In terms of the syntactical structure of the sentence, I think and need to is awkward—and may be causing some confusion.

For example, the following sentence (which follows the same structure as the sentence in the question) is strange and unidiomatic:

The apple is not fresh and it needs to be eaten.

It's not actually ungrammatical, but and isn't normally used in that way.

Because the two ideas are in contrast to each other (where one doesn't logically follow from the other), the more common conjunction is but:

The apple is not fresh, but it needs to be eaten.


Referring back to the original sentence—and putting additional emphasis on the subject of demands:

❔ Remember, too, that the words "I love you, I like being in a relationship with you. ..." are not demands and need to be said occasionally in any relationship.

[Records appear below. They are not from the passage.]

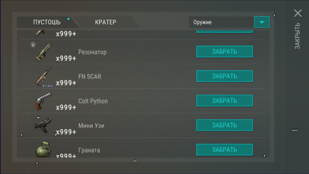🔫 Огромный выбор оружия: 20+ видов, каждая позиция по 999+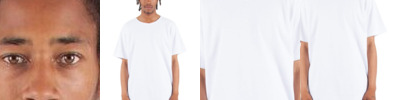 6 oz./yd²., 100% USA cotton, 18 singles Heather Grey is 90/10 USA cotton/polyester Forward-thrusted shoulder seam for comfortable neck fit 7/8" Seamless non-topstitched collar Shoulder-to-shoulder neck tape Scalloped bottom hem 1" double-needle stitched sleeve and bottom hems Drop tail curved back hemline Quarter-turned to eliminate center crease Heat transfer label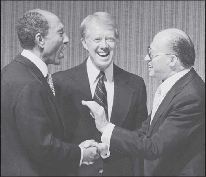 Президент Джимми Картер с президентом Египта Анваром Садатом (слева) и премьер-министром Израиля Менахемом Бегином во время подписания Кэмп-Дэвидских соглашений, Белый дом, март 1979 года. © Bettmann/CORBIS.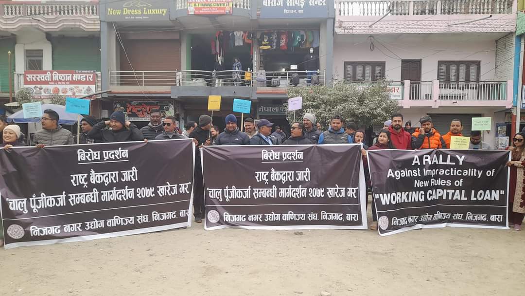 चालु पुँजी कर्जा मार्गदर्शन खारेज गर्न माग गर्दै निजगढमा प्रदर्शन

✔ Remember, too, that the words "I love you, I like being in a relationship with you. ..." are not demands, but [they still do] need to be said occasionally in any relationship.

0

This is a use of passive voice; rather than saying "people need to say these words", the writer says "these words need to be said". Passive voice allows a writer to talk about an action without focusing on the person performing the action; in this case, the writer wants the focus to be on the words that they think should be said, rather than talking about who should say them. This is indeed common for "need to"; often, if something needs to be done, one will want to focus on the thing that needs to be done, rather than getting caught up in who needs to do it.